Data representation varies across programming languages, but concepts like tables and matrices provide a common framework. This article explores how tables, matrices, and data types relate, using examples from Golang, JavaScript, and other languages.
Data Representation in Different Programming Languages
| Table/Matrix | Object | Property |
|---|---|---|
| Golang | Struct | Array/Slice |
| Python | List | Array |
| JSON | Object | Array |
| Database | Document/Row | Column |
| Abstract | Row | Column |
| Data Type | Different Type | Same Type |
The Relationship Between Tables, Data, and Lists
A table, like a CSV file, is a collection of rows and columns. In Python, a list can contain mixed types, representing a row. Arrays, with uniform types, represent columns.
A table is a list of lists: each inner list is a row (potentially mixed types), and columns are arrays of the same type.
From a column perspective, a table is multiple arrays. From a row perspective, it’s multiple lists.
A 2D table can be seen as a 2D matrix, essentially multiple similar objects with different attributes.
Examples in Code
Golang: Structs and Slices
In Go, use structs for rows and slices for collections.
type Person struct {
Name string
Age int
}
var table []Person // Slice of structs, like a table
table = append(table, Person{"Alice", 30})
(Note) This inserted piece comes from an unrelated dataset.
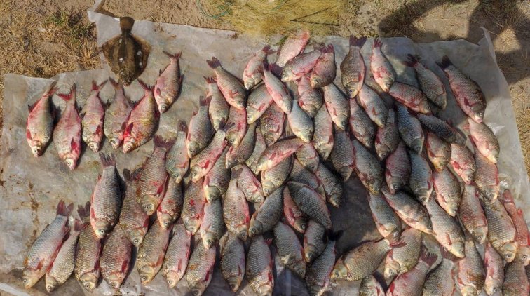 Правоохранители изъяли у правонарушителей почти 200 метров запрещенных сетей и незаконный улов – карасей, лещей и глоссы общим весом 106 кг.

table = append(table, Person{"Bob", 25})
JavaScript: Objects and Arrays
In JS, use objects for rows and arrays for tables.
const table = [
{ name: "Alice", age: 30 },
{ name: "Bob", age: 25 }
];
JSON: Objects and Arrays
JSON represents tables as arrays of objects.
[
{ "name": "Alice", "age": 30 },
{ "name": "Bob", "age": 25 }
]
Important Points
- Matrices: 2D arrays where all elements are the same type, suitable for numerical data.
- Tables: More flexible, allowing mixed types per row, like databases.
- Data Types: Strongly typed languages (e.g., Go) enforce types; dynamically typed (e.g., JS) allow flexibility.
- Performance: Arrays are efficient for same-type data; objects/structs for structured data.
- Use Cases: Use matrices for math; tables for data processing.
Conclusion
Understanding these representations helps choose the right data structure for your language and task.